— Red Hen Coding Standards
Red Hen Lab is a collaborative with a long-term vision. We want you to be able to build on our existing code without having to spend a lot of time having to figure out the idiosyncracies of the previous coder. It should be enough for you to familiarize yourself with your coding standards, spelled out below. Similarly, if you adhere to these standards, it will be so much simpler for others to extend your code and make it part of a great and ongoing project of incremental improvements. We therefore ask you to take care to write clear and transparent code that follows our standards and is clearly documented.
These standards are themselves in an incipient state. We want your suggestions for improvements, simplifications, and elaborations.
Last updated 2018-05-16.
- Command-line tools
- Creating a bulk website downloader
- Machine learning
- SDLE Tutorials
- Statistics in Red Hen
- SyntaxNet and Parsey McParseface
- Singularity application container
Python Coding Standards
- Follow the official Python Style Guide
- Verify that your code plays nice with these standards by running it through yapf
File and data management
Keep your home directory free of data files, downloads, uncompressed file contents, test files, etc. Instead, place them in appropriately named directories. We should be able to tell what these directories are for, and when they were created, by their names. For example, "audio_test_20170101" is a good name. Please also keep data, downloads, tests, experiments, etc., out of code directories. Code directories should be GitHub ready.
Keep third party code trees separate from Red Hen directory trees. When customizing third party code, make new files instead of editing existing files if possible. For example, "install.sh" can be copied to "install_red_hen.sh" or "install_case_hpc.sh" and code changes can be made in the new files.
Keep your imports alphabetized, and sensibly grouped with blank lines if the list gets long. Please keep "from X import Y" and "import Z" forms separate.
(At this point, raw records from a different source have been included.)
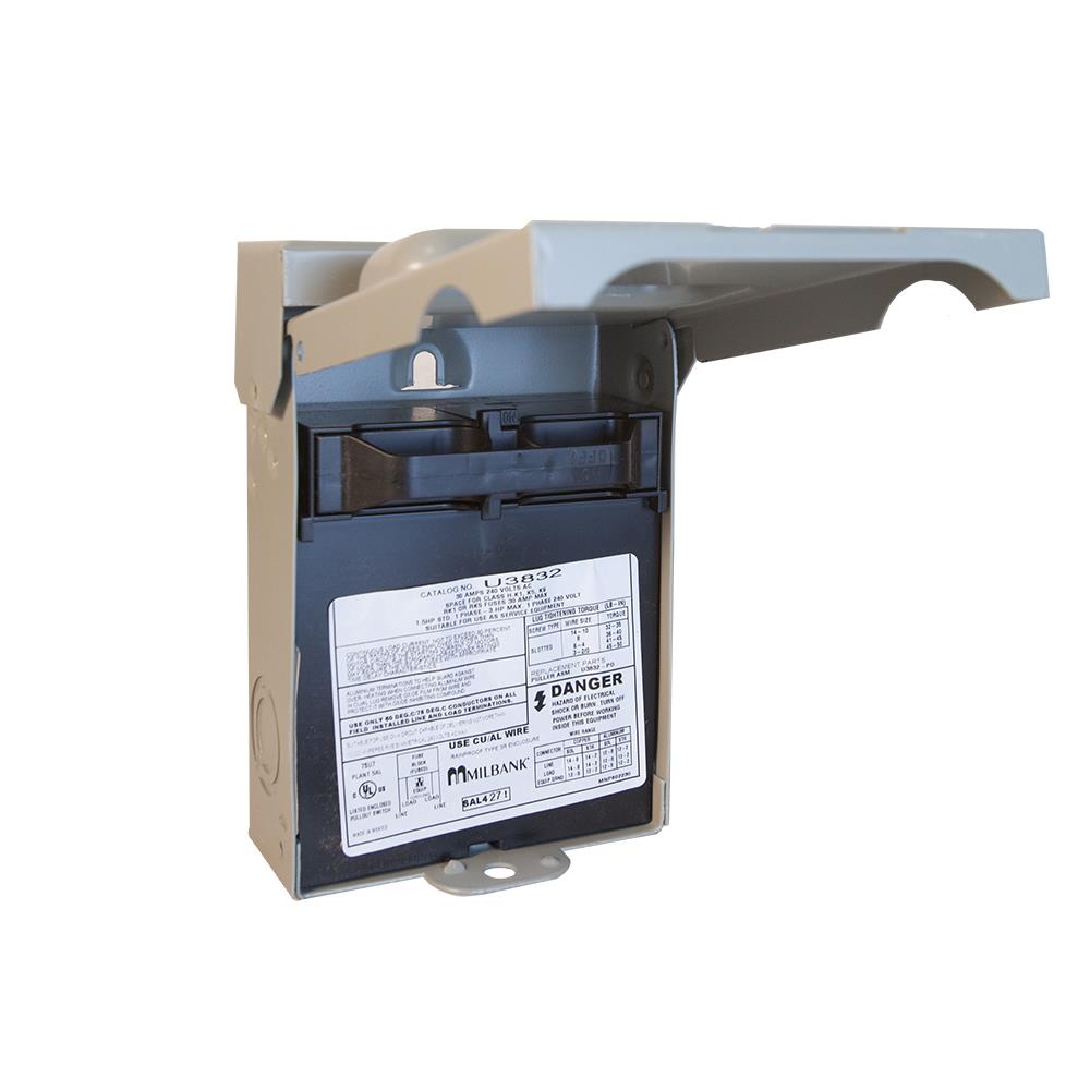 MilbankĀ® Air-Conditioner Disconnect, Fusible, 240 VAC, 30 A, 3 hp, 2 Poles, 10 kA Short Circuit, NEMA 3R, Surface Mount, 7 in H x 5 in W x 2-1/8 in D, Steel, Gray, Painted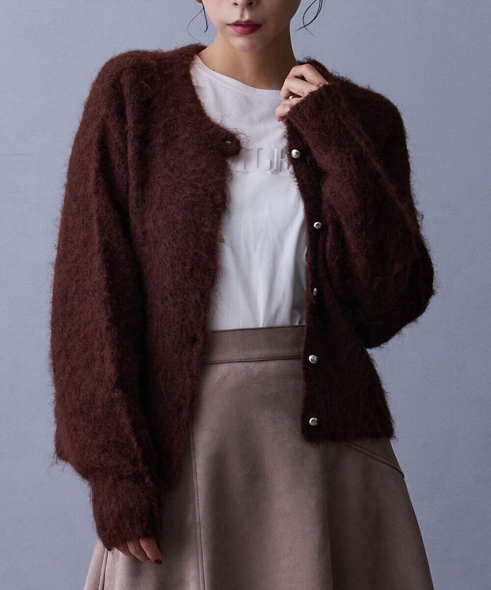 ふんわりとした軽やかなシャギーニットを使用したカーディガンです。
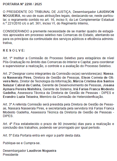 Além de instituir a Comissão do Processo Seletivo para estagiários de nível Pós-Graduação no âmbito das Comarcas do Interior e Capital, para coordenar e supervisionar a realização, o controle e a avaliação do Processo Seletivo, a Portaria nº 2.298/2025 também designa os integrantes da comissão. São eles: a diretora de gestão de pessoas do TJAC, Nassara Nasserala Pires; o diretor de tecnologia da informação, Elson Correia; a gerente de desenvolvimento de pessoas Márcia Salazar; a gerente de sistema, Josana Nishihira; a assessora técnica da Diretoria de Gestão de Pessoas, Iriá Gadelha; bem como o integrante da Comissão de Heteroidentificação do TJAC, Evandro Teixeira.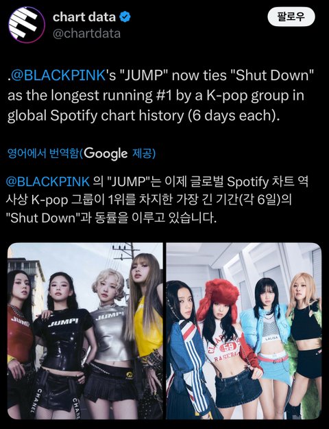 k팝 최초 글포티 주간 1위 셧다운에 이어
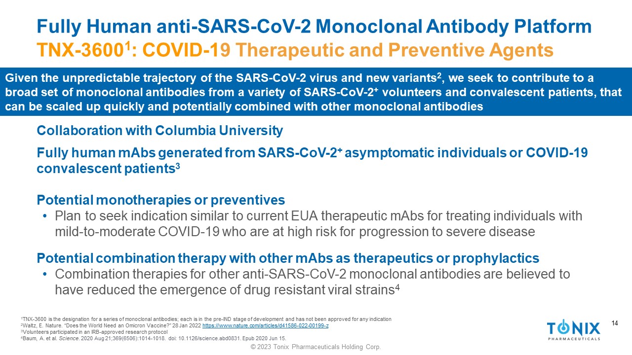 13 © 2023 Tonix Pharmaceuticals Holding Corp. 13 Need for a Strategy to Frequently Update Monoclonal Antibodies Current and prior mAb therapeutics were developed in collaborations A platform to quickly develop and test novel SARS - CoV - 2 neutralizing mAbs may represent a significant advancement in the ability to update the pool of mAb treatments available to protect the immunocompromised population Dr. Luciana Borio is former National Security Council director for medical and biodefense preparedness and current senior fellow for global health at the think tank Council on Foreign Relations. She is a venture partner at ARCH.
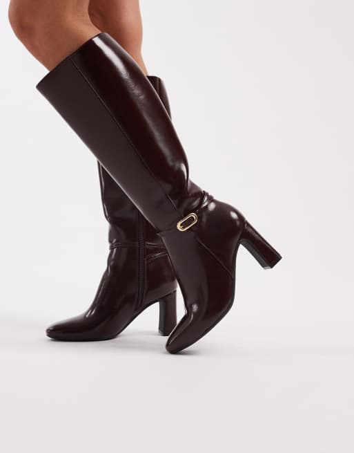 New Look - Stivali al ginocchio in pelle sintetica bordeaux con tacco largo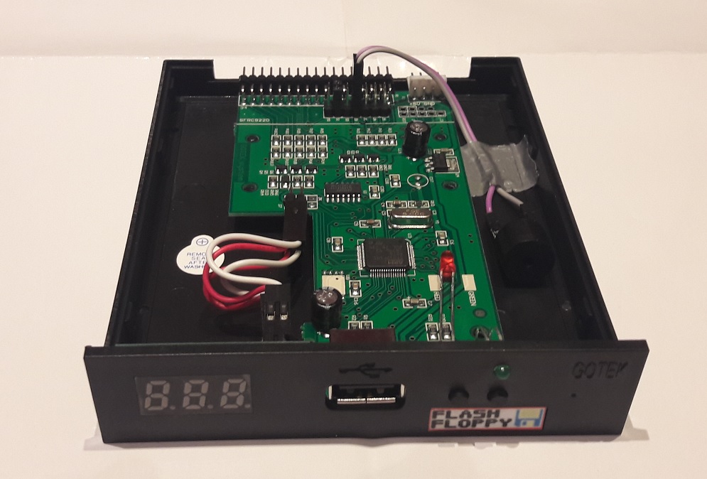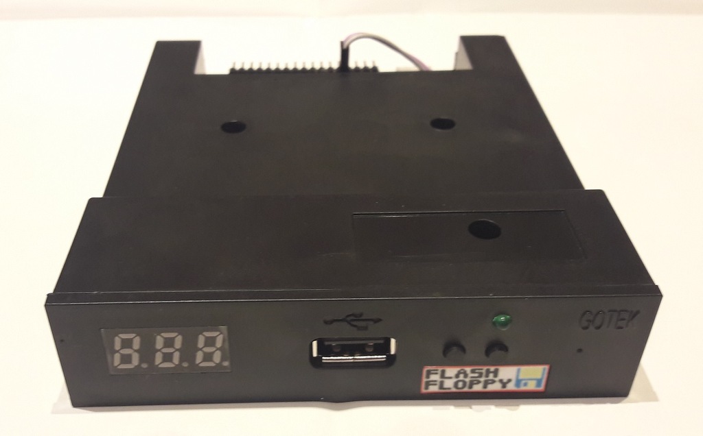 Na sprzedaż mam nowego (w sensie nie używanego) Gotka z własnego zapasu, który został przeze mnie przerobiony do bardziej wypasionej wersji, niż inne standardowe Gotki. Dla lepszego realizmu dołożyłem wew. buzzera (widać na jednym ze zdjęć) i nasz Gotek wydaje również dźwięki, no może raczej piski, ale spełnia to swoją rolę i brzmi jak rasowa stacja dyskietek. Podczas odczytu zachowuje się jak by czytał naprawdę z dyskietek. Bardzo fajna sprawa. Gotek ma wgrany najnowszy firmware FlashFloppy w wersji 0.9.6a. Firmware można samemu aktualizować z Pendrive`a, instrukcja na stronie projektu FF. Jeżeli ktoś nie zna, jest to darmowe oprogramowanie, kompatybilne z HxC i ciągle rozwijane. Może używać zarówno narzędzi z HxC jak i konfiguracji. Można używać selektora z HxC. Na dwóch ostatnich zdjęciach widać jak Gotek jest używany z Amstradem 6128 i korzysta z aplikacji HxC, która go ładnie wykrywa i z nim działa jak oryginalny HxC.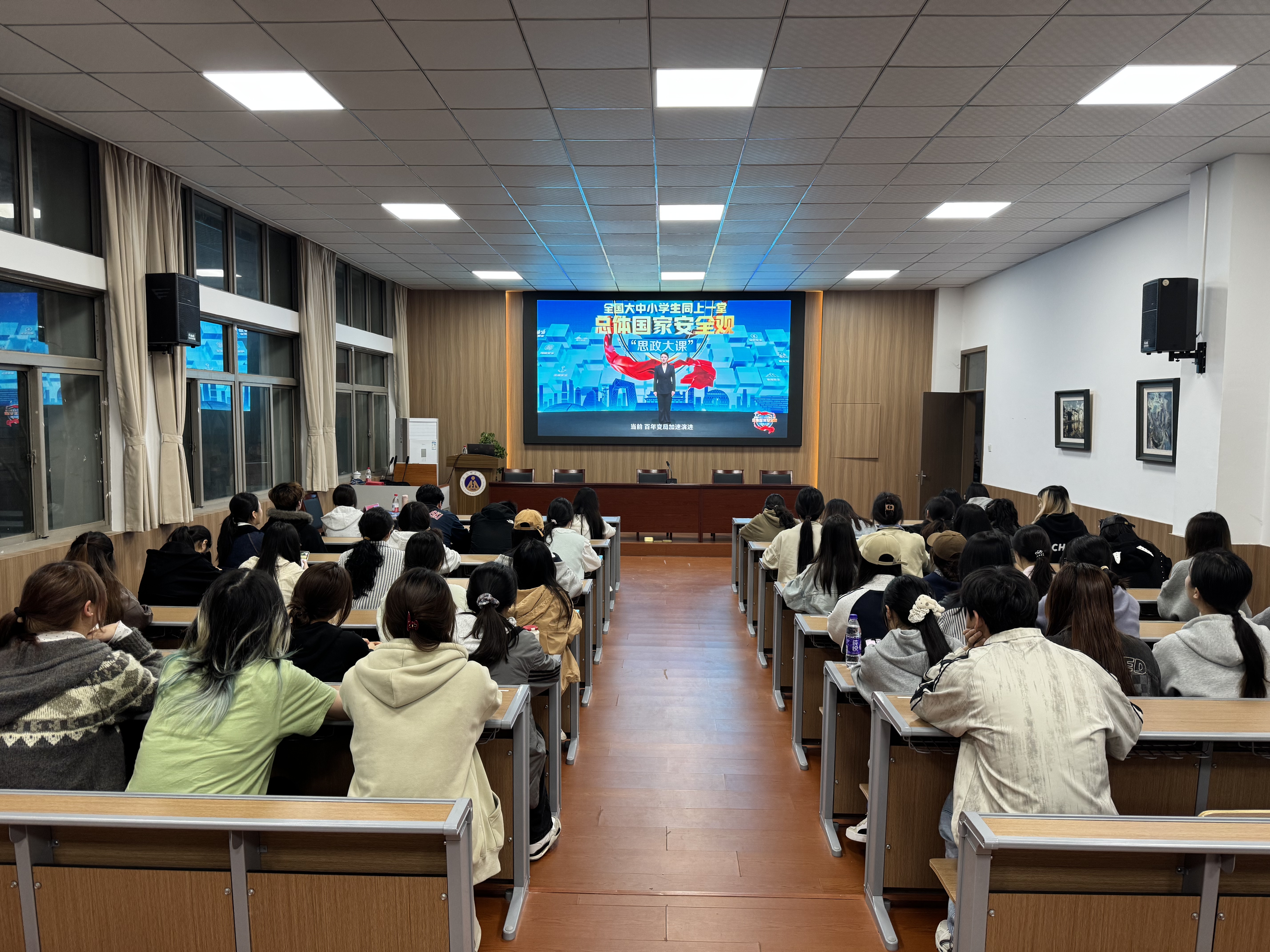 会前,学院组织全体参会学生集中观看总体国家安全观 “思政大课”,引导学生深刻领会国家安全内涵,增强维护国家安全的思想自觉与行动自觉。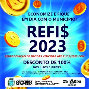 Os contribuintes que possuem débitos tributários e não tributários até 31 de dezembro de 2022 podem aderir ao Programa de Refinanciamento de Dívida – REFIS, até amanhã, sexta-feira, 08 de dezembro de 2023. A Prefeitura de Santa Rosa de Viterbo está ofercendo redução de 100% (cem por cento) do valor das multas e juros moratórios.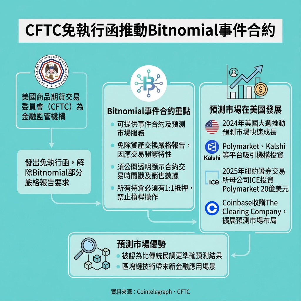 美國金融監管機構商品期貨交易委員會(CFTC)於星期四向加密衍生品交易所Bitnomial發出無執法行動(no-action)信,允許該交易所推出事件合約及預測市場。這封信解除Bitnomial在現行美國規則下,對資產交換的嚴格報告要求,這對於像預測市場這類快速交易平台而言,原本是非常不切實際的障礙,因為這類市場每日可能有成千上萬的交換交易發生。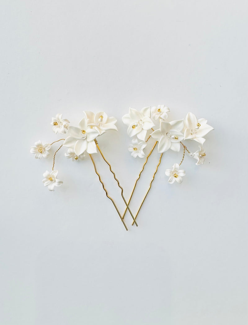 flowers wedding hair pins, set of 3 hair pins with clay flowers - style 22003

For the names of directories, files, Python modules, Python functions / methods, function arguments, and Python variables / attributes, use the following guidelines.
- Use "media_name" to represent the Red Hen base name (slug) of a video and its associated files, without extensions. For instance "2015-08-07_0050_US_FOX-News_US_Presidential_Politics".
- Use variables with names like "*_file" for file objects, not file names. The form "*_file_name" can be used for system file names, whether or not they include paths.
- Use a trailing slash when passing paths as arguments.
In general, make names as consistent as possible, both within code files and across code files - use the principle of least surprise.
Please avoid abbreviations in names except for common ones like "dir" (directory) and "ext" (extension), or if a name is very long and the abbreviations will be easily understood. Please try to choose between abbreviations and full words as consistently as possible, both within files and across files. A legend of abbreviations may be useful.
Please make names as long as needed to be unambiguous, but no longer. A person with domain knowledge but only a little knowledge of programming should be able to tell what a named entity does. For example, two good names are dia_to_speaker_file() and dia_to_speaker_data(). They use an abbreviation, but the abbreviation is necessary, readable, and consistent. The two names make the difference between "file" and "data" clear.
Use English that is as simple as possible, but no simpler. Please use singular and plural forms properly.
If two or more variables are similar, consider putting nouns before adjectives. For example, use "time_start" and "time_end" instead of "start_time" and "end_time". This might not make sense when working with files.
Please use CamelCaseWithInitialUpperCase for class names and lower_case_with_underscores for directory, file, module, function / method, argument, and variable / attribute names. An exception is if part of a module name is a domain name without dashes (use lowercasewithoutunderscores).
If an acronym occurs in CamelCase, please CAPITALIZE all the letters of the acronym, as in "HTTPResponse". Remember that this only applies to CamelCase, not the lower case naming standards, in which all letters of an acronym should be lower case.
Please use UPPER_CASE_WITH_UNDERSCORES for constants, symbols, states, and other "special values".
HTML IDs should be in lower-case-with-dashes if possible.
EXCEPTIONS: The Red Hen Lab uses CamelCaseWithInitialUpperCase for GitHub repository names and data directory names, but not code directory names. Red Hen coders sometimes use capitalized abbreviations for imported module names, such as "import speaker.recognition as SR".
We realize that Python itself is not 100% consistent in its use of capitalization and underscores, especially with C like function abbreviations, third party modules such as logging and threading, and multiple word function names that are still relatively short, especially operator like functions.
Use a blank line after (at most) every two or three related lines of code. Even a single code statement, multiple line or otherwise, can stand on its own when it does a lot, contains many function arguments, or contains nested parentheses. Make a liberal but sensible and consistent use of blank lines.
Put a space on both sides of infix operators (including = and ==, unless they are in function arguments), and after separators, unless the separator is at the end of a line.
Use a space after the # in a comment line to keep the text readable. Use a blank line before and after comments.